WORK TASK: Each line of the records has to be copied exactly, though the pictures must be left out.

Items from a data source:
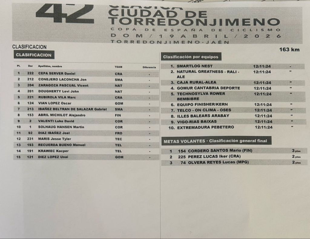 Triunfo al sprint de Dani Cepa (FilialCajaRural) en la Clásica Ciudad de Torredonjimeno «Copa de España de Ciclismo». El ciclista alicantino ha logrado de esta forma su segunda victoria en el certamen 2026 tras su triunfo en el Trofeo Guerrita. Tercera plaza del vilero Vicent Zaragoza (Natural Greatness Rali Alé).
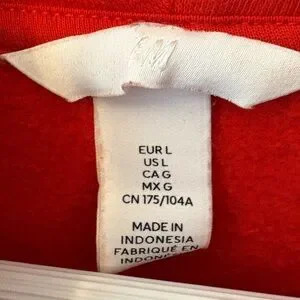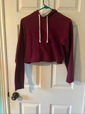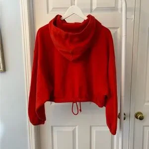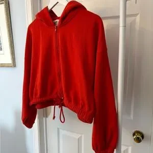 H&M Red Cropped Zip Up Hoodie Size Large Cotton
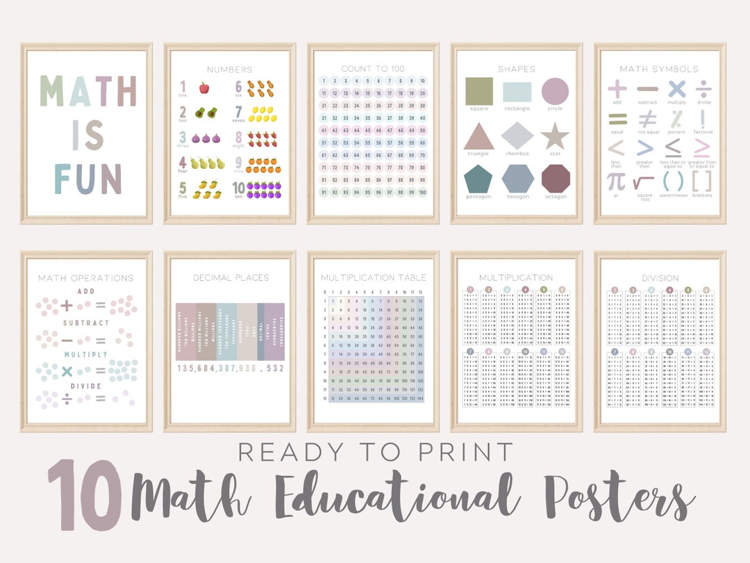 10 Educational Math Posters. Neutral Colors. Elementary Classroom ...
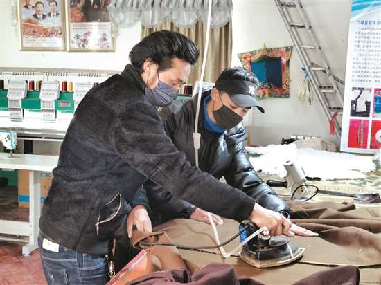 圖為在當(dāng)雄縣烏瑪塘鄉(xiāng)布珠農(nóng)牧民民族服裝專業(yè)合作社,創(chuàng)辦人布珠正在教授員工熨燙布料技巧。 拉薩融媒記者 范江英攝
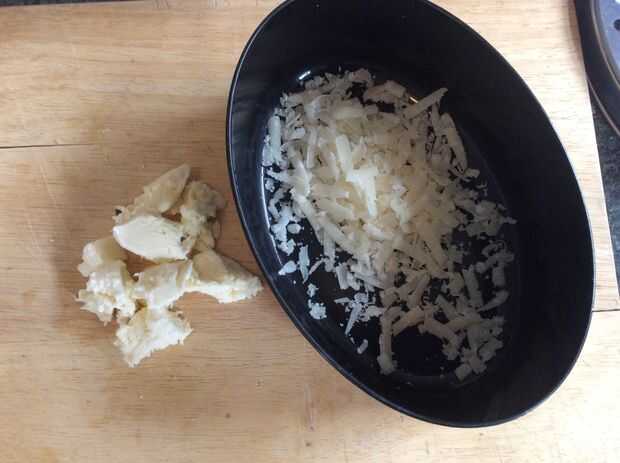 Queso: rallar aproximadamente 1/5 de una cuña de parmesano, arrancar algunos mozzarella para que tenga trozos grandes de 6 o 12 pedazos más pequeños.
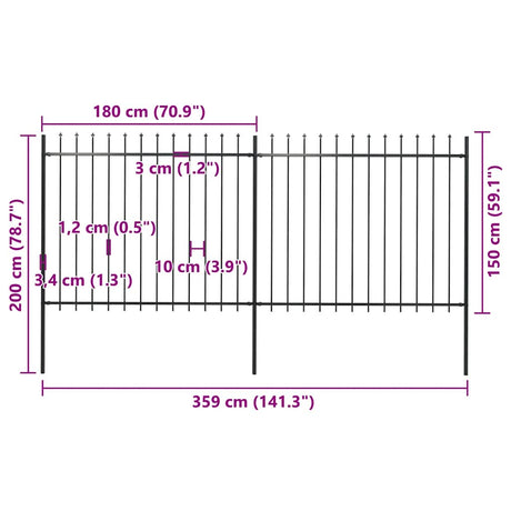 Garden Fence with Spear Top Steel 359x150 cm Black
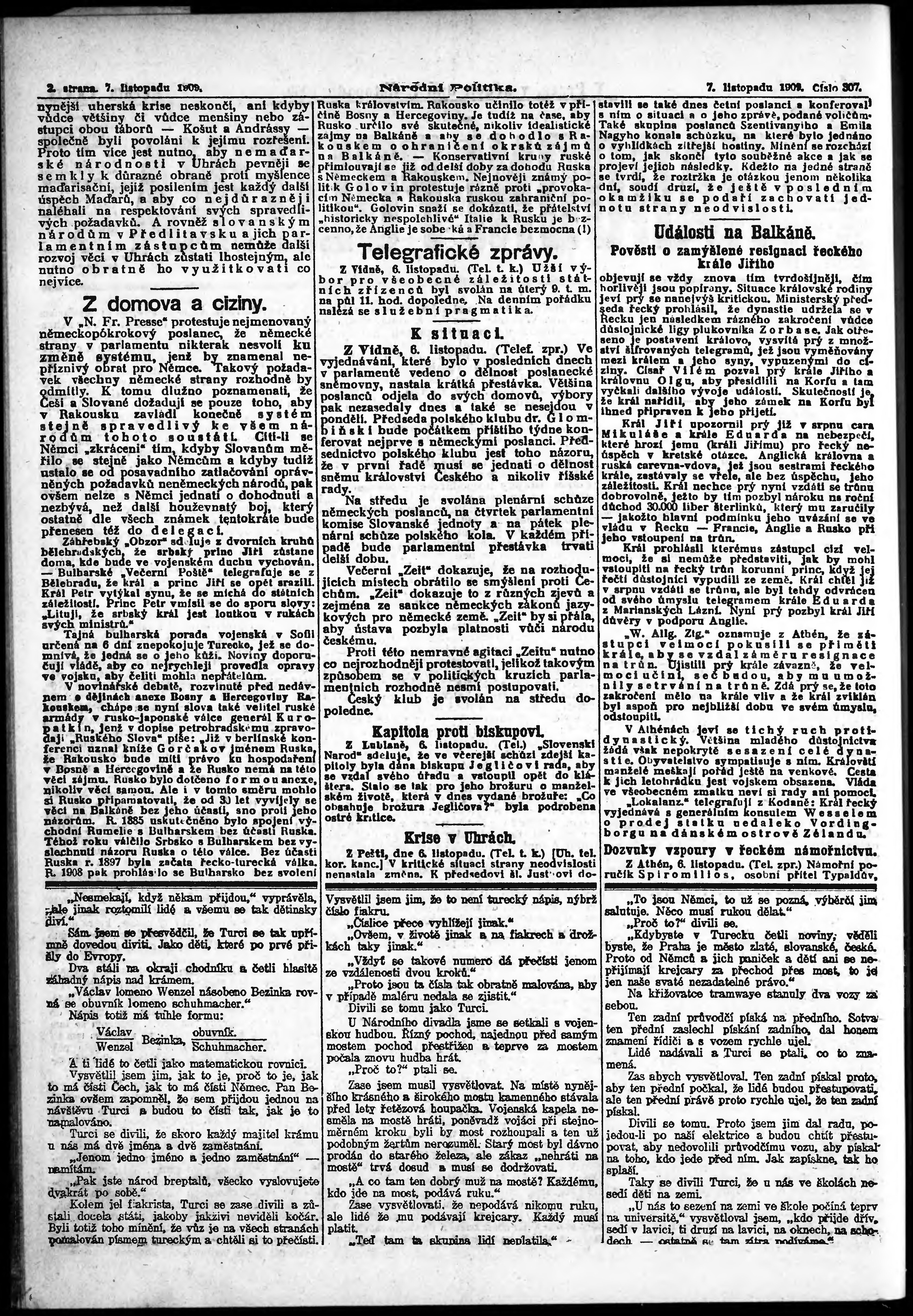 * Datum vydání výtisku: 7.11.1909 Číslo výtisku: 307
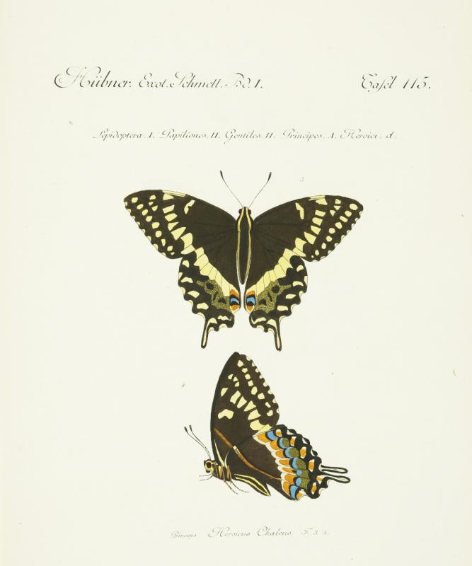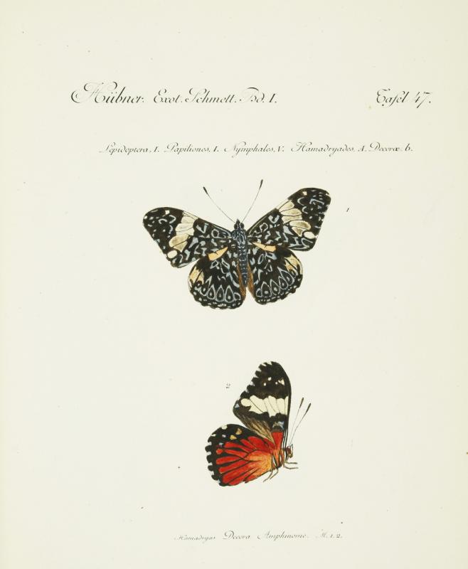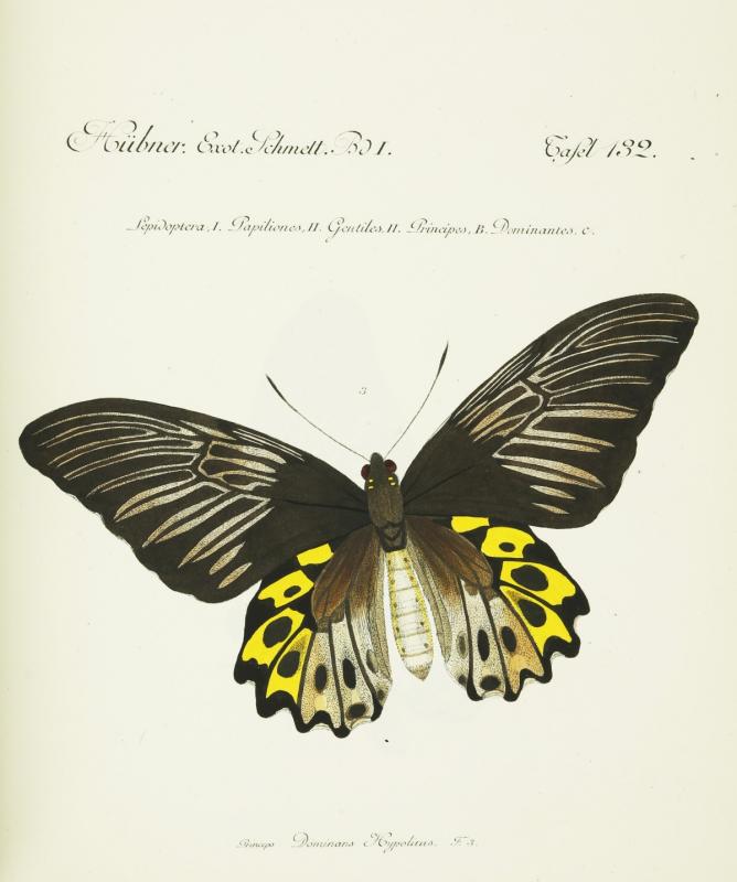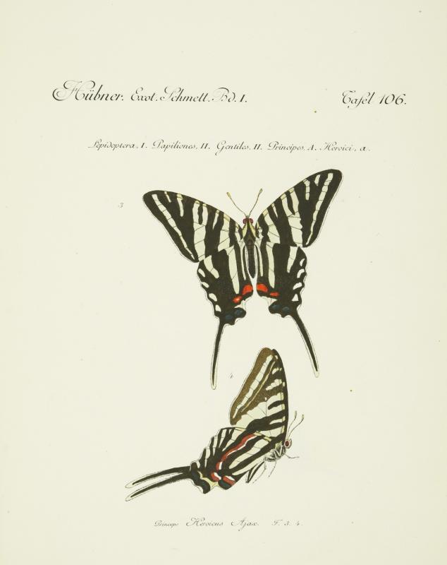 Sammlung exotischer Schmetterlinge (Lepidoptera Exotica). New English fac-simile edition. Edited by P. Wystsman and with additional text by W.F. Kirby. Brussels, V. Verteneuil & L. Desmet, 1894-1897. 3 volumes. Large-4to (282 x 222mm). pp.(10), (8), (10),172, with 491hand-coloured lithographed plates. Contemporary brown half calf, spines with gilt lines and lettering, marbled sides (and:) HUEBNER, J. & GEYER, C. Zuträge zur Sammlung exotischer Schmetterlinge bestehend in Bekundigung einzelner Fliegmuster neuer oder rarer nichteuropäischer Gattungen. New English fascimile edition with 172 coloured plates with Introduction, and Systematic and Alphabetical Indices. Brussels, V. Verteneuil & L. Desmet, 1908-1912. Large-4to (282 x 222mm). pp. (4), 2, 100, (2), with 172 hand-coloured lithographed plates. Contemporary brown half calf, spines with gilt lines and lettering, marbled sides. Rare complete and uniformly bound set, of the English issue, of this beautifully hand-coloured new edition of one of the finest and most important works on exotic butterflies, which was edited in a very limited edition. It comprises Hübner's complete works on exotic butterflies, the 'Sammlung exotischer Schmetterlinge' published from 1806-24 and his 'Zuträge zur Sammlung exotischer Schmetterlinge' published from 1818-37, of which the last part was published by Geyer. Both these two original works are extremely rare and we have not offered copies since many decades. The new edition of these works on exotic butterflies by Wystman and Kirby is superbly produced. The plates are printed on thick, wove paper and exquisitely handcoloured. Also this edition is a great rarity and the number of copies produced minute. Wystman published 3 issues, one with German text, one with English text and one with French text. Probably no more than 50 copies were published. Mr. Kirby says "In writing letter press to Hübner's 'Sammlung exotischer Schmetterlinge', I have paid special attention to the correct identification of the species figured, and in one or two cases I have found it necessary to propose new names. I have not given descriptions, but sufficient synonymy and explanations to bring Hübner's plates into range with later publication" (Entomological Society News 1911). Very little is known about Huebner's life. The rarity of his works is due to the great upheavel caused by the French Revolution and the Napoleonic Wars and the long period of publication. Huebner was a man of modest means, more or less tied to his native town Augsburg. He was a designer in one of the leading cotton factories of the town. His true love and inclination were Lepidoptera. He published a number of beautifully illustrated iconographies on the subject which he published for his own account and he drew and engraved all the illustrations himself. "Nehmen wir als Beispiel die berühmten drei Schmetterlings-Iconographien des Augsburger Insecten-Malers und Muster-Zeichners in einer Kattun-Fabrik J. Hübner (1761-1826), welche als die schönsten Abbildungswerke der Entomologie gelten. Deren 1900 colorierte Tafeln sind als künstlerische Leistungen erst-rangig. (Und in der Reihe solcher Abbildungswerke, die sich die Bibliophilie und die Wissenschaft streitig machen, ist das Hübner'sche Opus eines der wenigen, bei dem der Fall eintritt, dass ihm die Wissenschaft einen höheren Preiss zubilligt, als die Bibliophilie; obzwar sonst infolge der weitaus grösseren Kaufwilligkeit und Kaufkraft, die nach der Kunst hin orientierten Sammlern innewohnt, die Preise solcher auf dem Ueberschneidungs-Gebiet wachsenden Werke eben von der Bibliophilie bestimmt werden)" (Junk. Rara p. 244). Small stamp on half-titles and titles. The work describes among others species from the East Indies, China, India and Australia. A very clean and nice set. See Horn & Schenkling 10905 & 10908 for the original edition and Nissen ZBI, 2040 & 2041 for the original edition as well as the present issue. Also see F. Hemming. 'Hübner. A bibliographic and systematic account of the entomological works of Jacob Hübner...'.

THE ANSWER:
 Triunfo al sprint de Dani Cepa (FilialCajaRural) en la Clásica Ciudad de Torredonjimeno «Copa de España de Ciclismo». El ciclista alicantino ha logrado de esta forma su segunda victoria en el certamen 2026 tras su triunfo en el Trofeo Guerrita. Tercera plaza del vilero Vicent Zaragoza (Natural Greatness Rali Alé).
 H&M Red Cropped Zip Up Hoodie Size Large Cotton
 10 Educational Math Posters. Neutral Colors. Elementary Classroom ...
 圖為在當(dāng)雄縣烏瑪塘鄉(xiāng)布珠農(nóng)牧民民族服裝專業(yè)合作社,創(chuàng)辦人布珠正在教授員工熨燙布料技巧。 拉薩融媒記者 范江英攝
 Queso: rallar aproximadamente 1/5 de una cuña de parmesano, arrancar algunos mozzarella para que tenga trozos grandes de 6 o 12 pedazos más pequeños.
 Garden Fence with Spear Top Steel 359x150 cm Black
 * Datum vydání výtisku: 7.11.1909 Číslo výtisku: 307
 Sammlung exotischer Schmetterlinge (Lepidoptera Exotica). New English fac-simile edition. Edited by P. Wystsman and with additional text by W.F. Kirby. Brussels, V. Verteneuil & L. Desmet, 1894-1897. 3 volumes. Large-4to (282 x 222mm). pp.(10), (8), (10),172, with 491hand-coloured lithographed plates. Contemporary brown half calf, spines with gilt lines and lettering, marbled sides (and:) HUEBNER, J. & GEYER, C. Zuträge zur Sammlung exotischer Schmetterlinge bestehend in Bekundigung einzelner Fliegmuster neuer oder rarer nichteuropäischer Gattungen. New English fascimile edition with 172 coloured plates with Introduction, and Systematic and Alphabetical Indices. Brussels, V. Verteneuil & L. Desmet, 1908-1912. Large-4to (282 x 222mm). pp. (4), 2, 100, (2), with 172 hand-coloured lithographed plates. Contemporary brown half calf, spines with gilt lines and lettering, marbled sides. Rare complete and uniformly bound set, of the English issue, of this beautifully hand-coloured new edition of one of the finest and most important works on exotic butterflies, which was edited in a very limited edition. It comprises Hübner's complete works on exotic butterflies, the 'Sammlung exotischer Schmetterlinge' published from 1806-24 and his 'Zuträge zur Sammlung exotischer Schmetterlinge' published from 1818-37, of which the last part was published by Geyer. Both these two original works are extremely rare and we have not offered copies since many decades. The new edition of these works on exotic butterflies by Wystman and Kirby is superbly produced. The plates are printed on thick, wove paper and exquisitely handcoloured. Also this edition is a great rarity and the number of copies produced minute. Wystman published 3 issues, one with German text, one with English text and one with French text. Probably no more than 50 copies were published. Mr. Kirby says "In writing letter press to Hübner's 'Sammlung exotischer Schmetterlinge', I have paid special attention to the correct identification of the species figured, and in one or two cases I have found it necessary to propose new names. I have not given descriptions, but sufficient synonymy and explanations to bring Hübner's plates into range with later publication" (Entomological Society News 1911). Very little is known about Huebner's life. The rarity of his works is due to the great upheavel caused by the French Revolution and the Napoleonic Wars and the long period of publication. Huebner was a man of modest means, more or less tied to his native town Augsburg. He was a designer in one of the leading cotton factories of the town. His true love and inclination were Lepidoptera. He published a number of beautifully illustrated iconographies on the subject which he published for his own account and he drew and engraved all the illustrations himself. "Nehmen wir als Beispiel die berühmten drei Schmetterlings-Iconographien des Augsburger Insecten-Malers und Muster-Zeichners in einer Kattun-Fabrik J. Hübner (1761-1826), welche als die schönsten Abbildungswerke der Entomologie gelten. Deren 1900 colorierte Tafeln sind als künstlerische Leistungen erst-rangig. (Und in der Reihe solcher Abbildungswerke, die sich die Bibliophilie und die Wissenschaft streitig machen, ist das Hübner'sche Opus eines der wenigen, bei dem der Fall eintritt, dass ihm die Wissenschaft einen höheren Preiss zubilligt, als die Bibliophilie; obzwar sonst infolge der weitaus grösseren Kaufwilligkeit und Kaufkraft, die nach der Kunst hin orientierten Sammlern innewohnt, die Preise solcher auf dem Ueberschneidungs-Gebiet wachsenden Werke eben von der Bibliophilie bestimmt werden)" (Junk. Rara p. 244). Small stamp on half-titles and titles. The work describes among others species from the East Indies, China, India and Australia. A very clean and nice set. See Horn & Schenkling 10905 & 10908 for the original edition and Nissen ZBI, 2040 & 2041 for the original edition as well as the present issue. Also see F. Hemming. 'Hübner. A bibliographic and systematic account of the entomological works of Jacob Hübner...'.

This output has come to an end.